The Republic of Palau has had a turbulent history over the last 450 years, with many states claiming ownership over them. Since World War II, the Islands came under United Nations' trusteeship and were administered by the United States. After becoming a sovereign state in 1994, Palau joined the UN and ratified the Convention on the Rights of the Child in 1995, the Convention on the Rights of Persons with Disabilities and the optional protocol to the latter in 2013. In 2011, the International Covenant on Civil and Political Rights in 2011 and other core human rights treaties were signed. These treaties are yet to be ratified.

Palau's constitution and laws confer most human rights to its citizens, and with the UN and the United States continuing to have a strong influence over the island nation, Palau is continuing to work towards complying with human rights standards expounded by the UN.

==International treaties==

In September 2011, Palau signed seven core human rights treaties. The Pacific Office of the United Nations High Commissioner for Human Rights congratulated Palau on these signatures, noting that "the commitment shown by these signatures is remarkable and gives a clear message that Palau has now started a journey to provide people in the country with a stronger foundation to enjoy human rights and fundamental freedoms."

==Convention on the Rights of the Child==

Traditional Palauan culture and current constitutional protection afford a high degree of care to Palauan children. It is noted that the situation for children is generally good and that in some instances there is a higher degree of protection than is mandated for in the Convention on the Rights of the Child.
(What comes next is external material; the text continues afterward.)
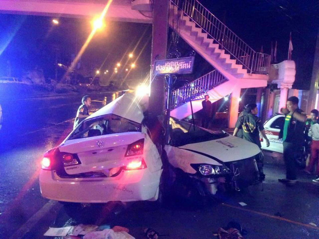 เมื่อเวลา 01.30 น. วันที่ 22 มี.ค. ร.ต.ท.ศุภชัย ดีมงคล พนักงานสอบสวน สภ.เมืองลพบุรี ได้รับแจ้ง มีอุบัติเหตุรถเก๋งชนรถจักรยานยนต์แล้วชนเสาไฟฟ้า มีผู้เสียชีวิต 2 ศพ เหตุเกิด ถนนพหลโยธิน หน้าโรงเรียนจินดารัตน์ อ.เมืองลพบุรี จึงพร้อมด้วยเจ้าหน้าที่มูลนิธิร่วมกตัญูญูลพบุรี ไปที่เกิดเหตุ พบรถเก๋ง ฮอนด้าซีวิค สีขาวทะเบียน ฎห 3706 กรุงเทพมหานคร ข้างซ้ายชนเข้ากับเสาไฟฟ้า จนรถขาดครึ่งงอพับติดอยู่กับเสาไฟฟ้า เบาะนั่งคนขับพบศพชายติดคาซากรถ เจ้าหน้าที่มูลนิธิได้ใช้เครื่องมือตัดถ่างนำศพผู้เสียชีวิตออกมา ทราบชื่อนายสิทธิพัฒน์ ปัญจกุล อายุ 25 ปี อยู่บ้านเลขที่ 9/5 ม.8 ต.เขาพระงาม อ.เมืองจ.ลพบุรี และห่างจากจุดเกิดเหตุประมาณ 50 เมตร พบศพหญิงสภาพร่างกายแหลกเหลว นอนคว่ำหน้าอยู่กับพื้นฟุตปาทมีเสื้อกันฝนสีฟ้าใส่อยู่ ทราบชื่อ น.ส.อุไรวรรณ คล้ายสุวรรณ อายุ 28 ปี อยู่บ้านเลขที่ 36/4 ม.2 ต. สองคลอง อ.บางปะกง จ.ฉะเชิงเทรา และ รถจักรยานยนต์ ฮอนด้าสีแดง-ดำ ทะเบียน ขทธ 67 บุรีรัมย์ ล้มอยู่

There is a strong family dynamic, which includes extended family all taking part in "the child's evolving capacity" and "best interests". However, Palau is experiencing extreme change to their economic, cultural and societal nature, due globalization and climate change.

===Child abuse===

Along with strong care of the child, most adults in Palau are comfortable with physical discipline, this is because in both civil society and law, discipline and control of children are seen as a right and responsibility of the parents. In 2001, seven years after the signing of the CRC, the United Nations Committee on the Rights of the Child were concerned about the increasing trend of abuse, including sexual, domestic violence, ill-treatment and neglect to the children of Palau. There was also concern about the lack of legal provisions that enabled the Government to step in and remove a child from the situation.

It was argued that this increase in abuse was due to changing family structure and increasing alcohol and drug intake. Victims of Crime Assistance (VOCA), which handles abuse cases, have found that 80% of the cases are associated with alcohol abuse. In 2009 according to RefWorld, there were 25 reported cases of child abuse. These varied between physical abuse (Eight), neglect (Six) but the most serious was that of sexual abuse (Eleven). Seven of these cases arrived at court and only three resulted in convictions.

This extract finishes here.